* _PROVIDED MATERIAL_:
---*---

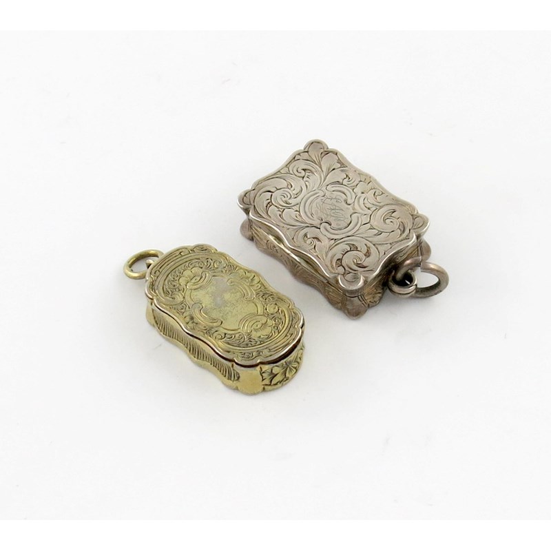 rectangular form, engraved foliate scroll decoration, the hinged cover with initials, the interior with a hinged pierced and engraved silver-gilt grille, length 3cm, plus a small Victorian silver vesta box, Birmingham 1857, oblong form, engraved decoration, approx. weight 0.7oz. (2)
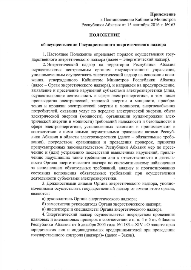 Постановление Кабинета Министров Республики Абхазия от 15.09.2016 № 163 "Об утверждении "Положения об осуществлении государственного энергетического надзора"
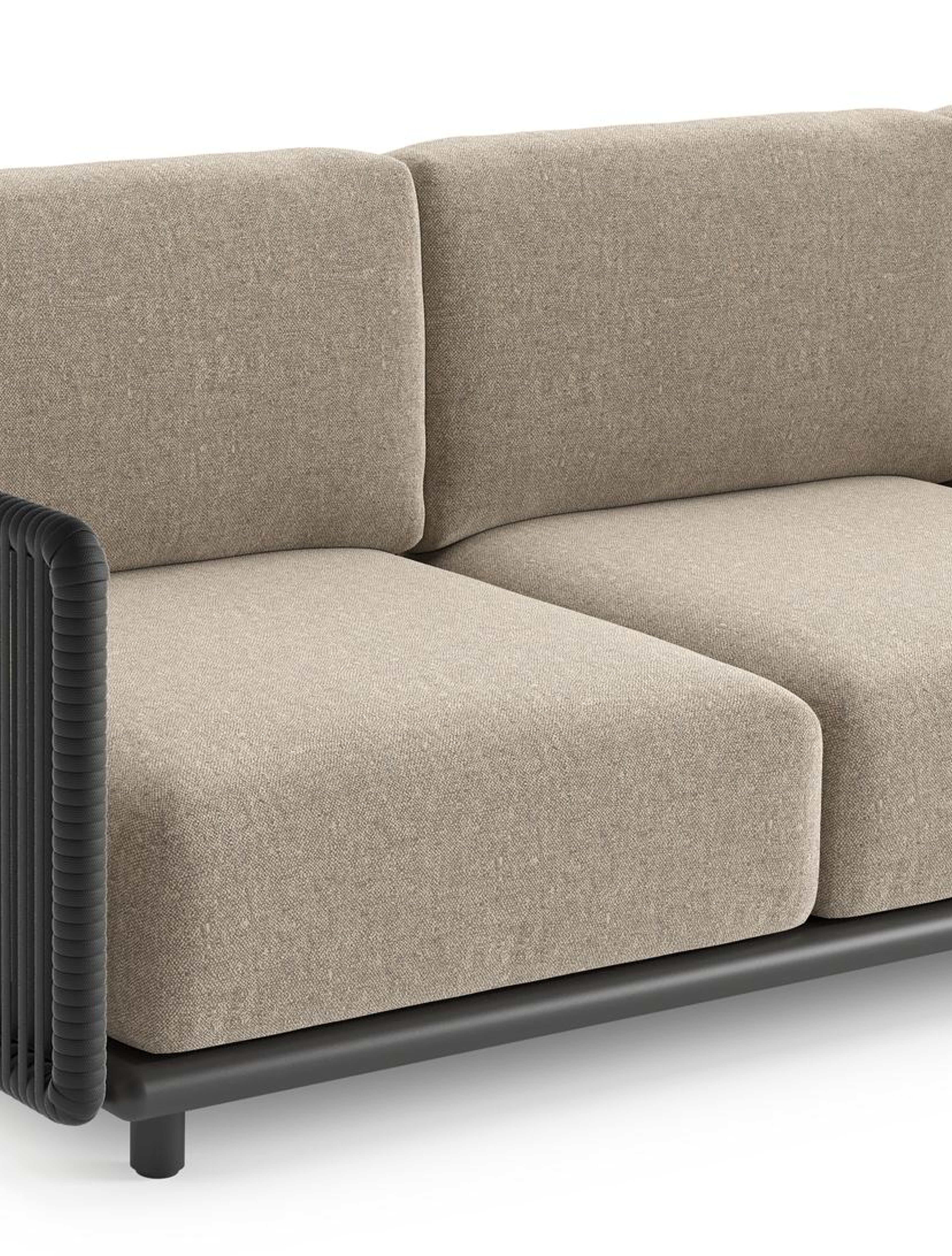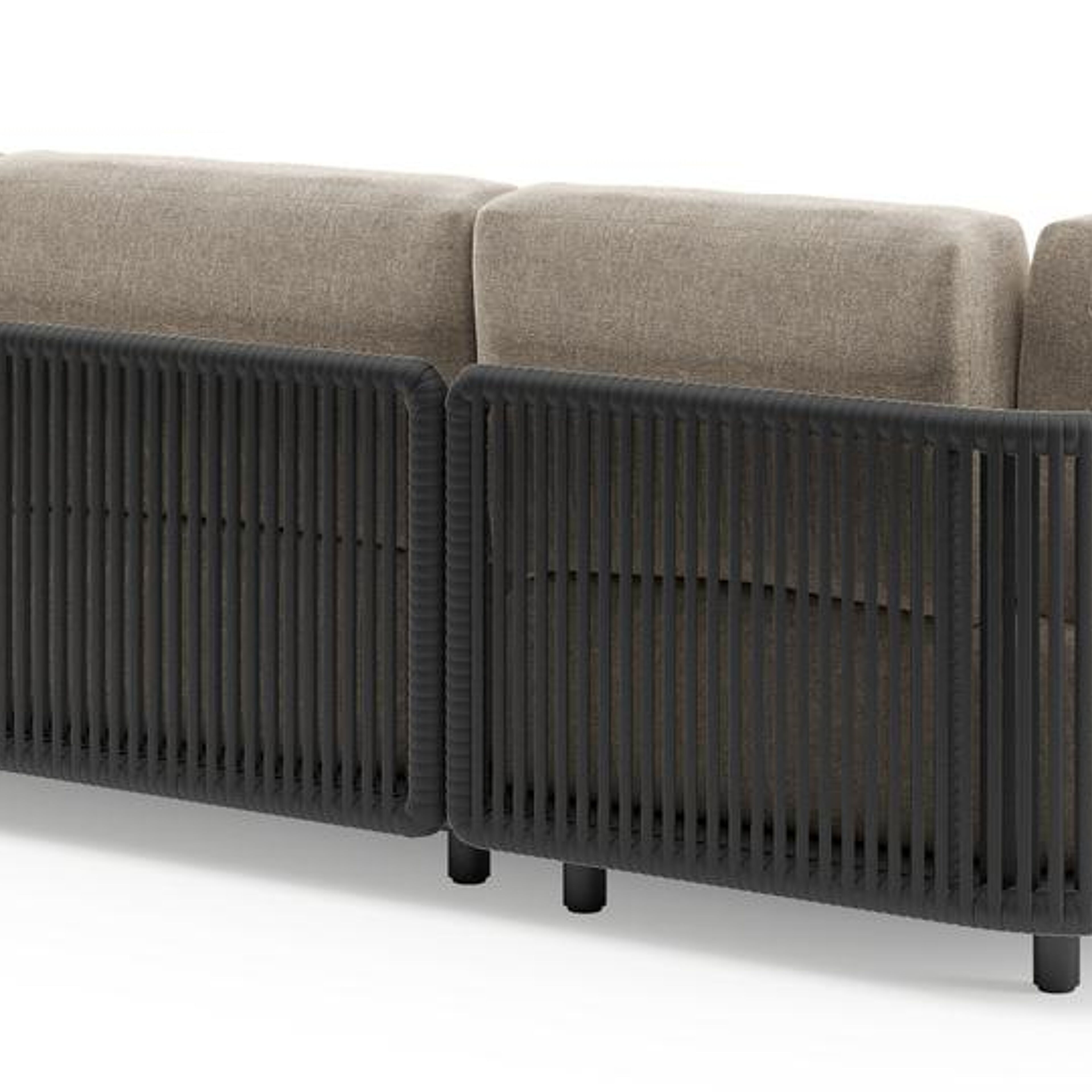 Organo loungehoek in zwart aluminium en zwart verticaal geweven luxe vlakke rope met chartres pewter all weather Sunbrella® luxe kussen | Exterioo tuinmeubelen

---*---

* _ACTIVITY_: With the pictures removed, output the listing above exactly.

* _SOLUTION_:
 rectangular form, engraved foliate scroll decoration, the hinged cover with initials, the interior with a hinged pierced and engraved silver-gilt grille, length 3cm, plus a small Victorian silver vesta box, Birmingham 1857, oblong form, engraved decoration, approx. weight 0.7oz. (2)
 Постановление Кабинета Министров Республики Абхазия от 15.09.2016 № 163 "Об утверждении "Положения об осуществлении государственного энергетического надзора"
 Organo loungehoek in zwart aluminium en zwart verticaal geweven luxe vlakke rope met chartres pewter all weather Sunbrella® luxe kussen | Exterioo tuinmeubelen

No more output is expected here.